Conventional techniques for extracting the chromae from an audio signal typically use a Discrete Fourier Transform (DFT) of the audio signal to produce a set of frequencies whose wavelengths are an integer fraction of the signal length and then map the frequencies of the DFT to the frequencies of the chromae of interest. Such a technique suffers from several shortcomings. First, the frequencies used in the DFT typically do not match the frequencies of the desired chromae, which leads to a "smearing" of the extracted chromae when they are mapped from the frequencies used by the DFT to the frequencies of the chromae, especially for sounds in lower frequencies. Second, computing the DFT for short portions of the audio signal requires dampening the signal at the beginning and end of the audio sample, a process called "windowing", to avoid artifacts caused by the non-periodicity of the audio sample. The windowing process further reduces the quality of the extracted chromae. As a result of the smearing and smoothing operations of the DFT, the values in the chromae lose accuracy. Analyses that use the chromae therefore suffer from diminished accuracy.

SUMMARY

In one embodiment, a computer-implemented method comprises obtaining an audio signal; segmenting the audio signal into a plurality of time-ordered audio segments; accessing a first matrix of sinusoidal functions evaluated over a plurality of frequencies corresponding to chromae to be evaluated; deriving a plurality of chroma vectors corresponding the plurality of time-ordered audio segments using the first matrix, a chroma vector indicating a magnitude of a frequency of the plurality of frequencies in the corresponding audio segment; comparing the derived chroma vectors to chroma vectors derived from a library of known audio items; responsive to the comparison, detecting a match of the derived chroma vectors with chroma vectors of a first one of the known audio items; and identifying the obtained audio signal as having audio of the first audio item.

In one embodiment, a non-transitory computer-readable storage medium has processor-executable instructions comprising instructions for obtaining an audio signal; instructions for segmenting the audio signal into a plurality of time-ordered audio segments; instructions for accessing a first matrix of sinusoidal functions evaluated over a plurality of frequencies corresponding to chromae to be evaluated; instructions for deriving a plurality of chroma vectors corresponding the plurality of time-ordered audio segments using the first matrix, a chroma vector indicating a magnitude of a frequency of the plurality of frequencies in the corresponding audio segment; instructions for comparing the derived chroma vectors to chroma vectors derived from a library of known audio items; instructions for responsive to the comparison, detecting a match of the derived chroma vectors with chroma vectors of a first one of the known audio items; and instructions for identifying the obtained audio signal as having audio of the first audio item.

In one embodiment, a computer system comprises a computer processor and a non-transitory computer-readable storage medium having instructions executable by the computer processor.
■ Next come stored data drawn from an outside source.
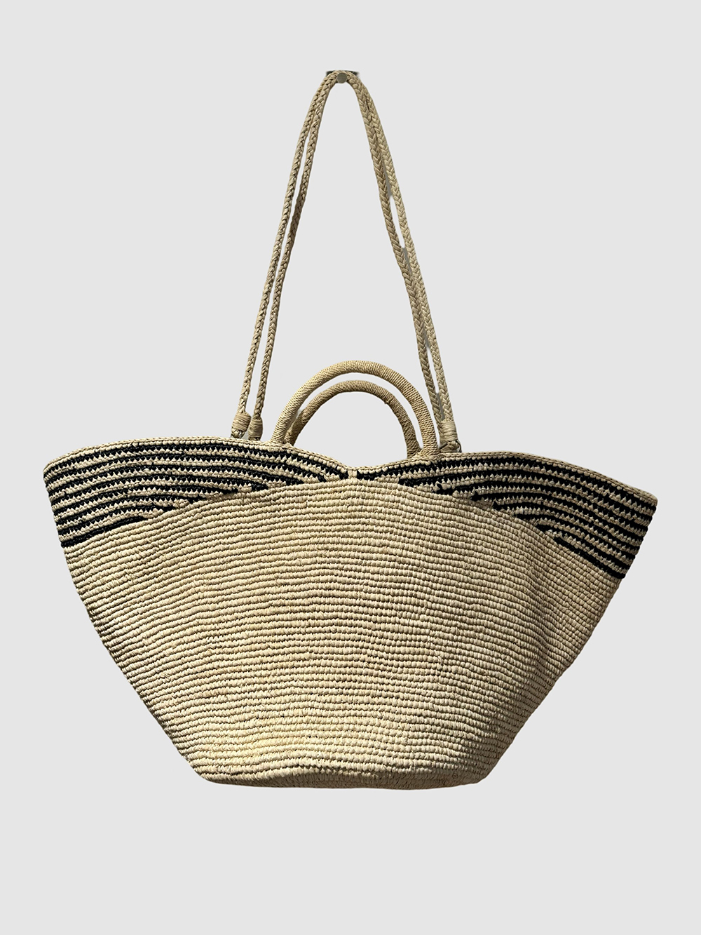 MAYA拉菲草手提肩背兩用藤包-自然色+黑色(預購商品)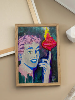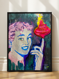 Dieses Poster zeigt eine Person mit rosa Haaren, die einen rotierenden Kreisel hält. Das Bild ist in lebhaften Farben gestaltet und verleiht jedem Raum einen Hauch von Pop-Art-Stil. Die dynamische Komposition und die kräftigen Farben machen es zu einem auffälligen Kunstwerk, das Energie und Kreativität ausstrahlt.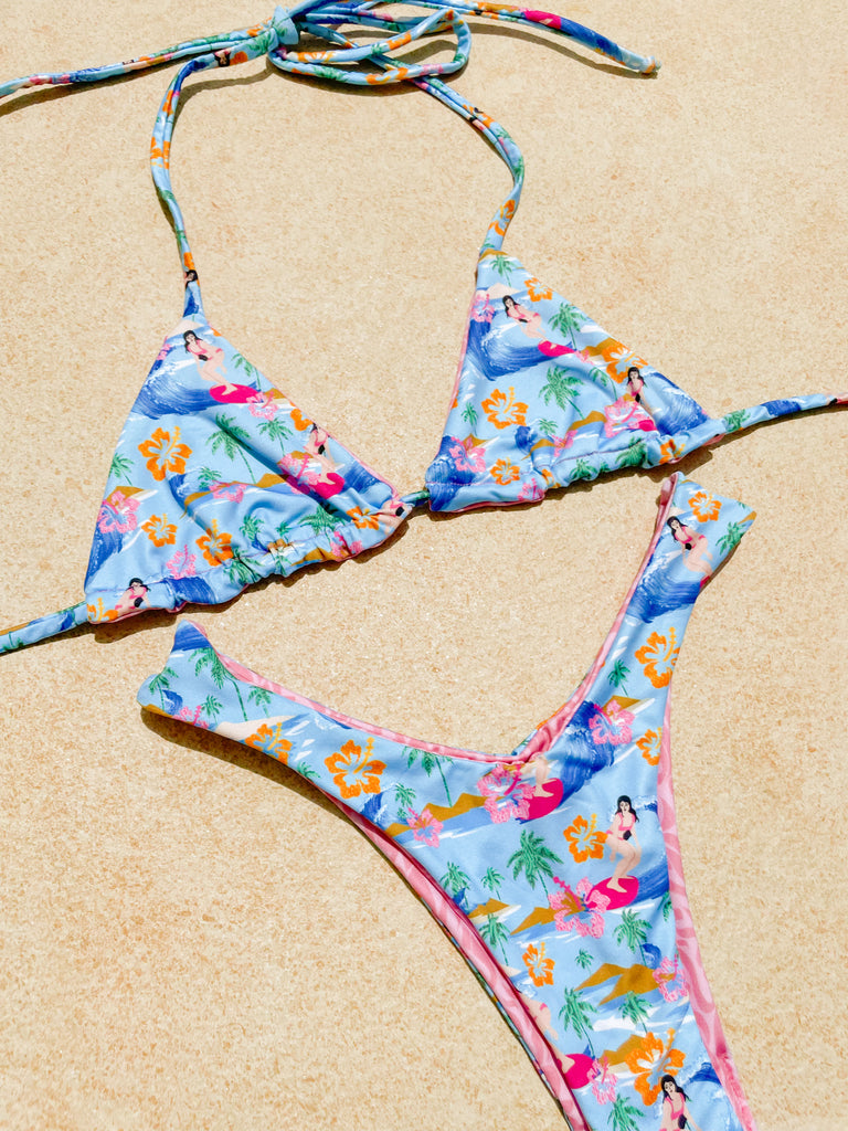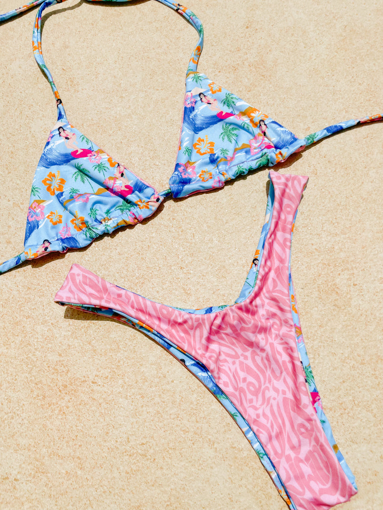 The material used is RecoTex fabric which is created from recycled ocean waste such as discarded fish nets and plastic bottles. ♻️ Also, the bikini is reversible which means you can turn your swimsuit inside out - TWO bikinis for the price of ONE!

The instructions comprise instructions for obtaining an audio signal; instructions for segmenting the audio signal into a plurality of time-ordered audio segments; instructions for accessing a first matrix of sinusoidal functions evaluated over a plurality of frequencies corresponding to chromae to be evaluated; instructions for deriving a plurality of chroma vectors corresponding the plurality of time-ordered audio segments using the first matrix, a chroma vector indicating a magnitude of a frequency of the plurality of frequencies in the corresponding audio segment; instructions for comparing the derived chroma vectors to chroma vectors derived from a library of known audio items; instructions for responsive to the comparison, detecting a match of the derived chroma vectors with chroma vectors of a first one of the known audio items; and instructions for identifying the obtained audio signal as having audio of the first audio item.

BRIEF DESCRIPTION OF DRAWINGS

FIG. 1 illustrates a computing environment in which audio processing takes place, according to one embodiment.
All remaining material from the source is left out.